The only example I can think of is:
Code:
#define MYMACRO(a,b) # a ## b
MYMACRO(foo,bar)

Could produce (## evaluated first, then #):
Code:
\"foobar\"

or (# evaluated first, then ##):
Code:
\"foo\" bar

depending on the order of evaluation.

However, as long as ONLY # operators, or ONLY ## operators are used (i.e., # and ## operators are not BOTH used in the SAME macro), then I don't see a problem.

It is sometimes useful to use these operators more than once within a macro, particularly the ## operator:

Code:
#define MY_IDENTIFIER(a) PRE_##a##_SUF
MY_IDENTIFIER(foo)

Will always result in a new identifier:
Code:
PRE_foo_SUF

It doesn't matter which ## operator executes first:
Code:
PRE_##foo##_SUF -> PRE_foo##_SUF -> PRE_foo_SUF
PRE_##foo##_SUF -> PRE_##foo_SUF -> PRE_foo_SUF

Both result in the proper final identifier.

Macros can then be used to replace otherwise \"copy-and-paste\" code with a single macro. Then, changes to the repetitive code can be made in a single location (the macro) rather than duplicated across several lines of code. This minimizes \"copy-and-paste\" errors in the original code creation, as well as \"copy-and-paste\" errors in code maintenance.

Granted, the use of such macros is not extremely common or widespread. However, it does have its practical uses, and when done may require more than one ## operator within a single macro.

I just wondered if a specific example is available that shows where the order of evaluation matters or could cause a problem based on the UNSPECIFIED behavior when only one TYPE of operator (# only, or ## only) is used in a macro, but the one operator may be used MORE THAN ONCE in the same macro.

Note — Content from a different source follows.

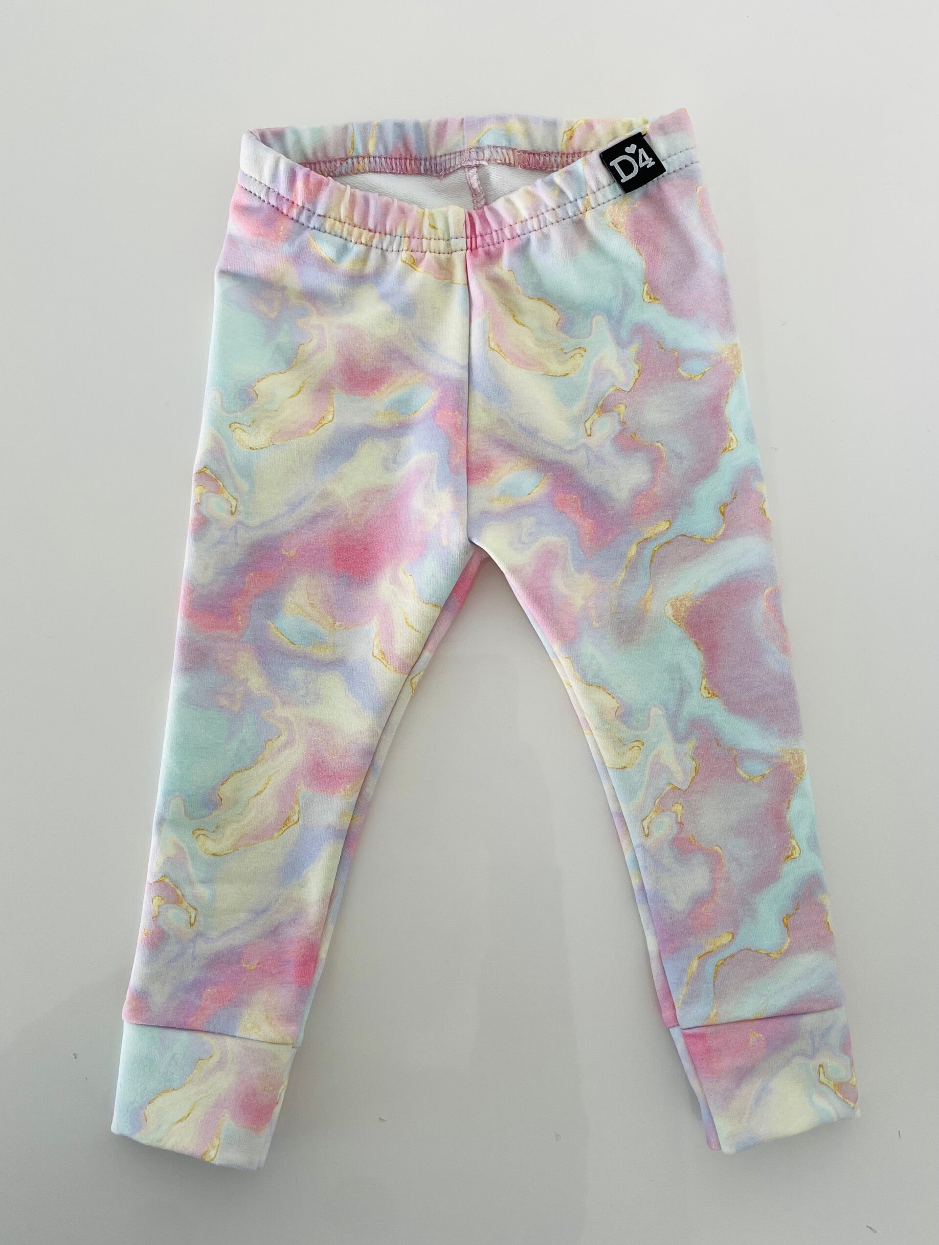 Een tricot legging van zacht katoen met elastiek in de taille en boorden aan de broekspijpen.

If there is no such issue, could rule 19.12 be updated to:
\"Both # and ## operators shall not be used in the same macro definition.\"


- misra-c - 27-04-2006

The standard allows and experience has shown that this behaviour can vary between compilers, and within the same compiler dependent on context.

Your example shows that the result can depend of the order of evaluation which is unspecifed.


- rmgalles - 27-04-2006

I agree with the statement:
Quote:result can depend o[n] the order of evaluation which is unspecifed

... when both the # and the ## operator are in the same macro. However, can someone provide an example when only one of the operators (only #, or only ##) are used more than once in a single macro definition?

My recommendation is to use the following wording:
Quote:Rule 19.12 (req): The # and ## operators shall not be used together in the same macro definition.

Can someone comment on why the original wording would be preferred to this alternative? My second example doesn't have any issues with operator evaluation order that I can identify, yet it violates the original wording. With the updated wording, it would be okay, while the first example is still a violation -- as it should be, since it does have an issue with order of evaluation.


Re: Rule 19.12 (# and ## operator) real issue? - misra-c - 12-03-2009

If the macro

Code:
#define m (a,b) a##3##b

is invoked as

Code:
m ( PRE, SUF ) = 0;

then the order of evaluation is important. The result of the ## operator
must be a valid preprocessing token.

Left-to-right evaluation gives 'PRE3' followed by 'PRE3SUF'.

However, the first expansion from right-to-left evaluation is 3SUF, which is
not a valid preprocessing token.


Re: Rule 19.12 (# and ## operator) real issue? - dcrocker - 23-03-2011

According to my reading of the standard, 3SUF is indeed a valid preprocessing token - it is a pp-number.


Re: Rule 19.12 (# and ## operator) real issue? - misra-c - 31-03-2011

Apologies, 3SUF is indeed a pp-number and therefore a valid preprocessing token. A correct example would have been

Code:
#define m (a,b) a##.##b

as this would have resulted in .SUF which is not a single preprocessing token but the two tokens . and SUF respectively.


Re: Rule 19.12 (# and ## operator) real issue? - misra-c - 01-04-2011

The previous response gives two preprocessing tokens regardless of order of evaluation of ## operators.

A better example would be:

Code:
#define m(a,b) a##.##b

m(1,e30)

which is defined on a left-to-right evaluation but undefined on right-to-left because .e30 is two preprocessing tokens.